Stainless steel: Recovery of properties after exposure to detrimental phases

Abstract

High alloyed stainless steel provides a desirable combination of corrosion resistance and mechanical properties, being a preferred material when ductility, overall strength and resistance to harsh environments are required. High service temperatures where alloy elements, as chromium and molybdenum, are present, is a well-known recipe for the precipitation of detrimental phases in the material. Even a small amount of these precipitations may impair the mechanical and corrosion properties. The main objective with this thesis is to investigate the possibility to recover the initial properties after detrimental phases have transformed part of the materials microstructure.
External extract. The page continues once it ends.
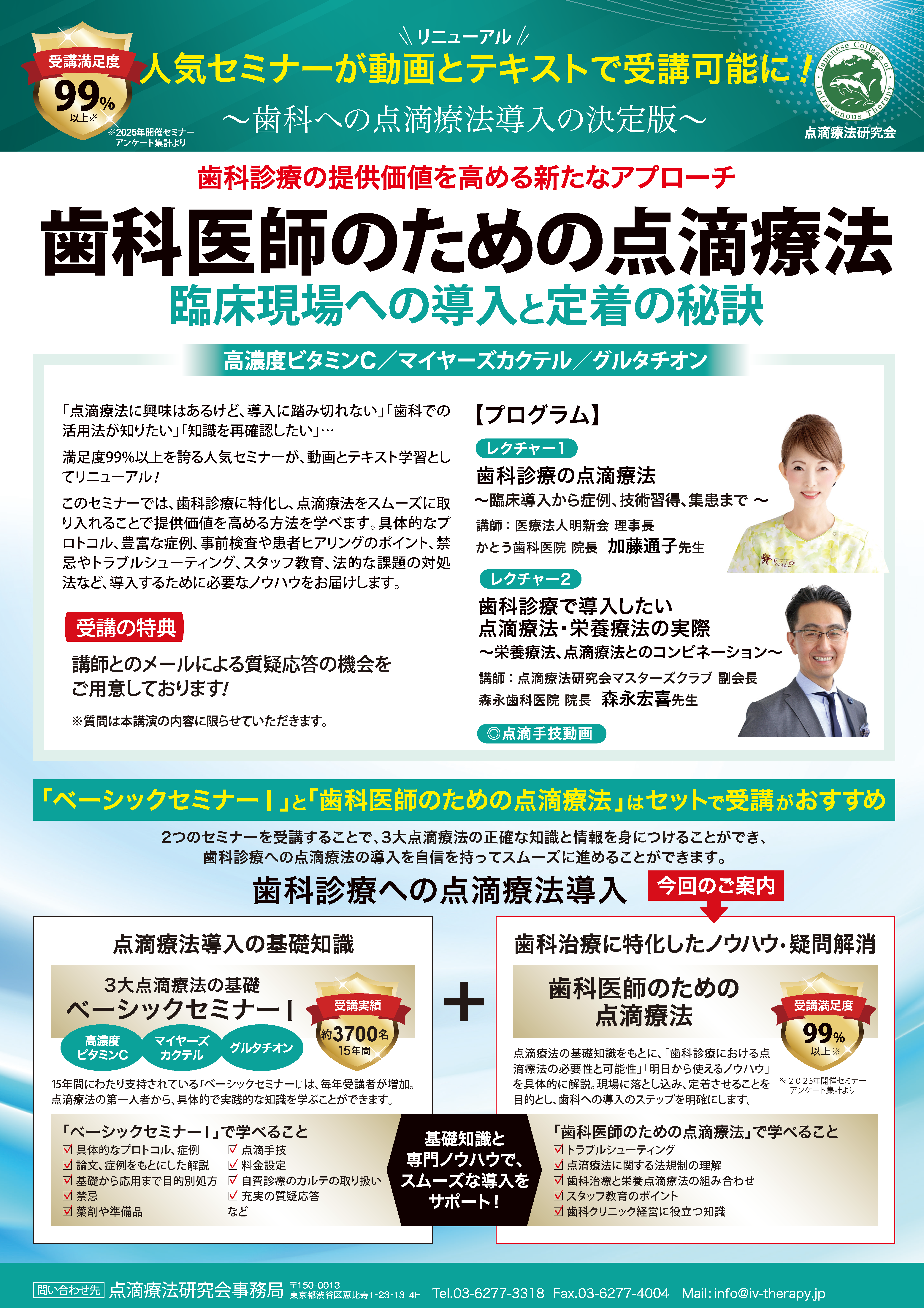 | 受 講 費 | マスターズクラブ会員 (25,000円) マスターズクラブ会員再受講(15,000円)※「歯科医師のための点滴療法ベーシック」・「歯科診療で導入したい点滴療法・栄養療法」も受講歴対象 非会員 (40,000円) |

Different stages of detrimental phases are intentionally provoked to achieve a wider spectra of analysis. In order to quantify the damage and recovery, material is evaluated metallographically and by performing Charpy V-notch impact test, where the first mentioned gives us the exact amount of sub phases that has appeared in the microstructure and the latter gives us an idea of the behavior of the material, due to a sharp decrease in toughness led by the growth of detrimental phases in the given structure. The theory behind steel restructuration proves to be right, showing that the microstructure and any detrimental phases can be dissolved by performing a correct heat treatment at a sufficiently high temperature with the correct cooling. The first material, UNS S32760, is able to recover up to 86% percent of its toughness no matter what the previous exposure to detrimental phases was. All previous detrimental phases retreat when proper heat treatment is applied. The lack of toughness recovery is due to the precipitation of a new detrimental phase, chrome nitride. This precipitation is due to the saturation of nitrogen in ferrite grains when a fast cooling is applied. Samples from the second material, UNS S31254, were subjected to the same heat treatments. Results show lower propensity to formation of detrimental phases and an overall recovery of the microstructure compared to factory standards.